Pronounced az-dar-kid, these giant reptiles were named after the azhdar of Iranian mythology: huge lizards with wings that populated Persian epics. Real life azhdarchids were actually pterosaurs, the group of flying reptiles most commonly recognised in the form of the head-crested Pteranodon; much beloved of scientifically dubious film and television… It is among the ranks of the latter "arch-predators" that we place the most monstrous azhdarchids. These creatures are Giger-esque. You wouldn't bat an eyelid seeing them striding across the landscape of a far-flung planet in a science-fiction film, or scratched on a canvas, spewed from the fantastical mind of a troubled artist. As is so often the case in palaeontology, the reality is even greater than fiction. Azhdarchids were real animals that lived during the Cretaceous (108-66 million years ago). Recent examination of their fossils suggests some of them grew to become nightmarish giant land predators, roaming the prehistoric islands of Transylvania.

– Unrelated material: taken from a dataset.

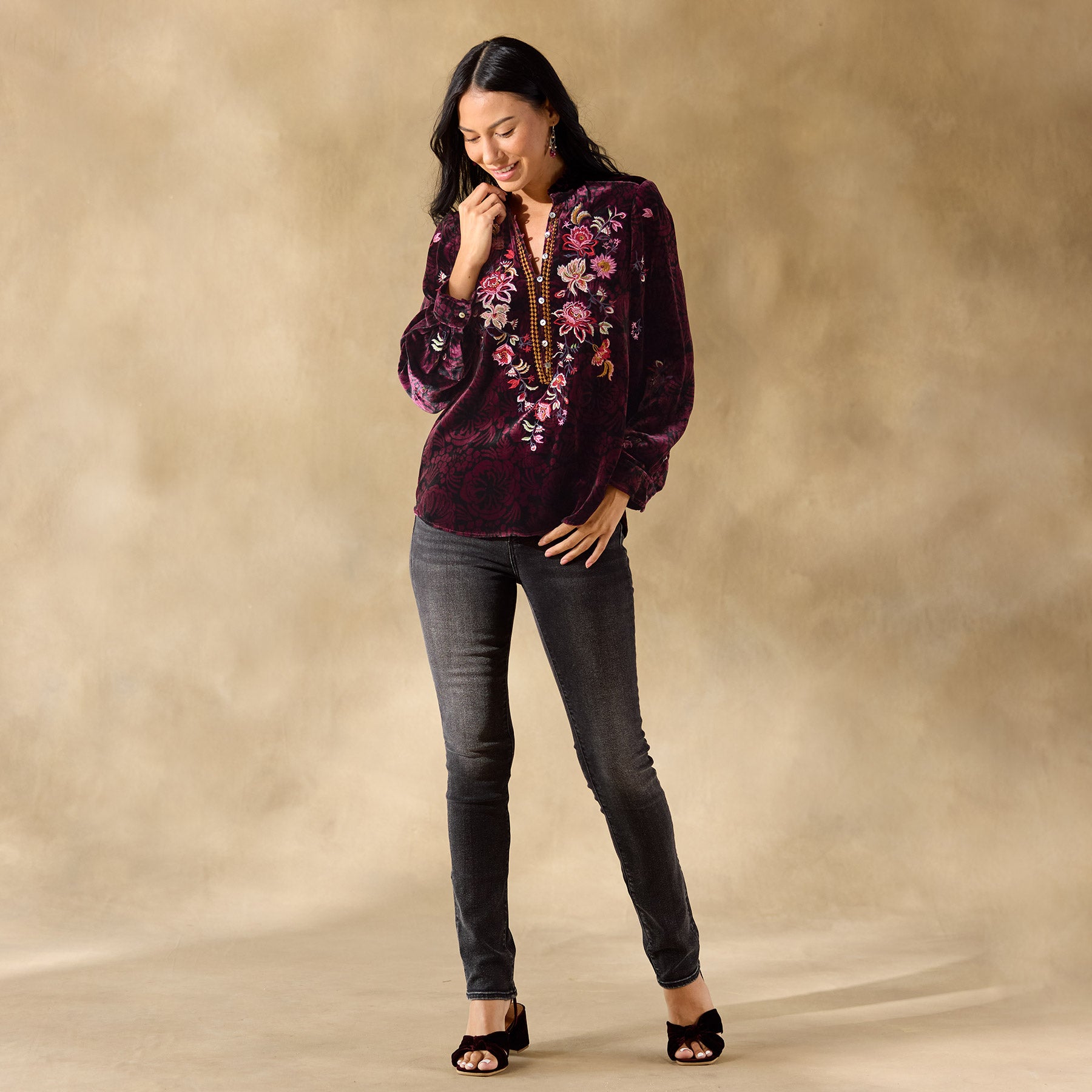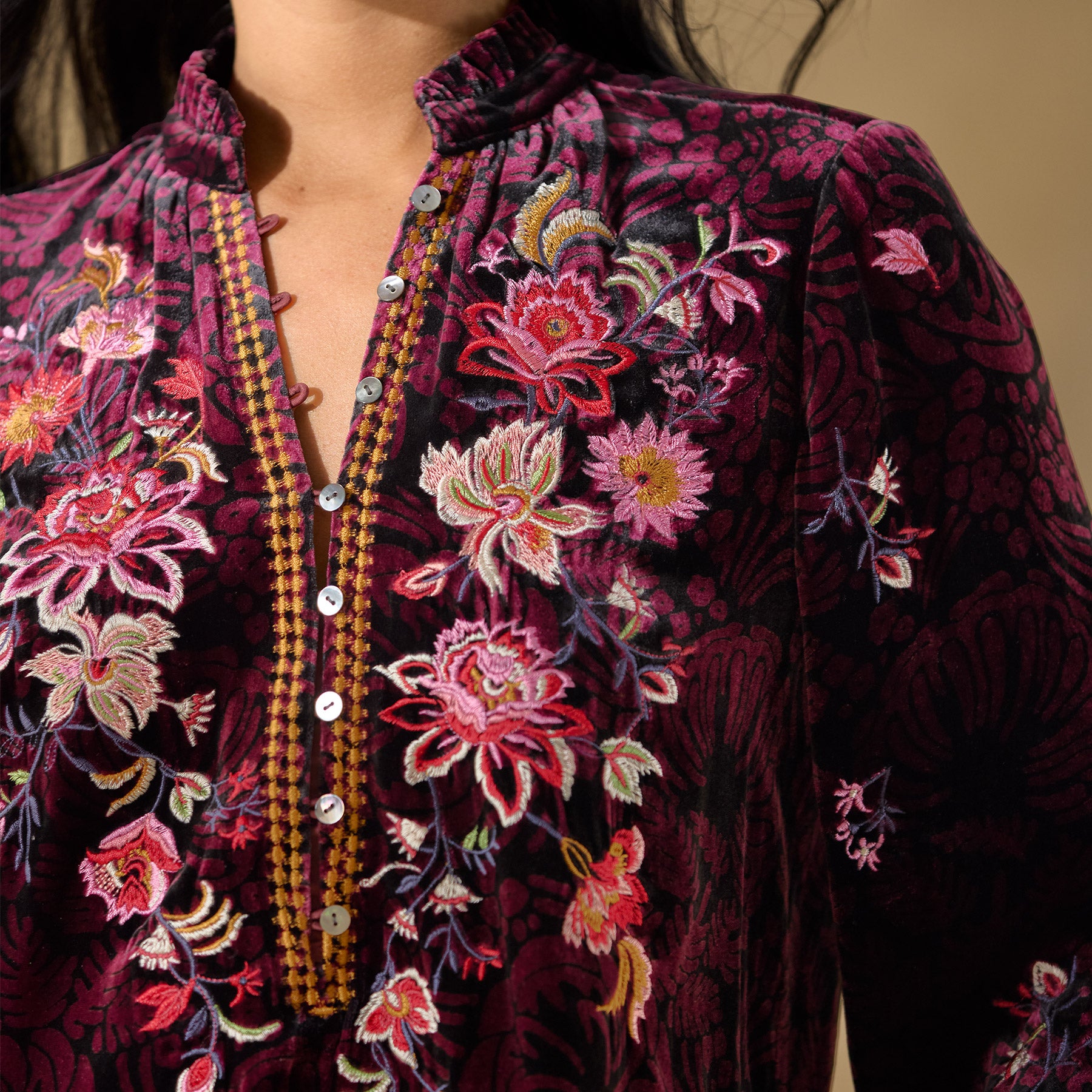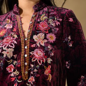 Inspired by a garden in full bloom??colorful embroidery blossoms on our printed. relaxed fit top with ruffle detail at the notch neckline and loop button closure at the henley placket. Viscose/silk. Dry clean. Imported. Exclusive. Sizes?XS (0?C2). S (4?C6). M (8?C10). L (12?C14). XL (16?C18). XXL (20?C22). Approx. 25.5l.

That sounds bad. Also totally amazing.

"These azhdarchids were giraffe-sized, quadrupedal Panzer-storks," Witton vividly described to me the animals he specialises in. "We have to look at the smaller, two to five metre wingspan azhdarchids, for clues to the life appearance of the big ones, but multiplying their well-known anatomy across to our giant remains creates some pretty awesome animals." Hatzegopteryx is so far known from only some bits of skull, partial limb bones, and a neck bone, but palaeontologists can often tell a lot from very little. The single huge neck vertebra is is evidence that it had a proportionally short and stocky neck, resistant to twisting. With no other giant predators known from Haţeg Island, Witton and Naish suggest that these animals were the apex predators of their ecosystem.

Giant flying dinosaurs that ate other dinosaurs? Tell me again that dinosaurs did not live then to make us happy now.

The Committee tried and tried to find away around this, but there was no question that veteran Top Commenter Judy Clay was the winner of this week's Top Commenter of the Week Award. She had some things to say regarding the grift-o-rama currently ongoing in the executive branch, and her post should be used in J-schools to teach young journos how to write a lede.

Hey, you guys, could ya help a sista out? I seemed to have missed a couple of places on the ceiling, scraping my brains off. So, if ya got a long handled scraper, well, that would be great. Tanks in advance.

Well-fashioned, good lady. That will be 77.290 Beckhams on account.

I'll be back on Monday with some…oh, hell, I might be back in 20 minutes with whatever fresh hell emerges from this marbled asylum. Be well and play nice, ya bastids. Stay above the snake-line and stay the hell off Hateg Island until you hear from me.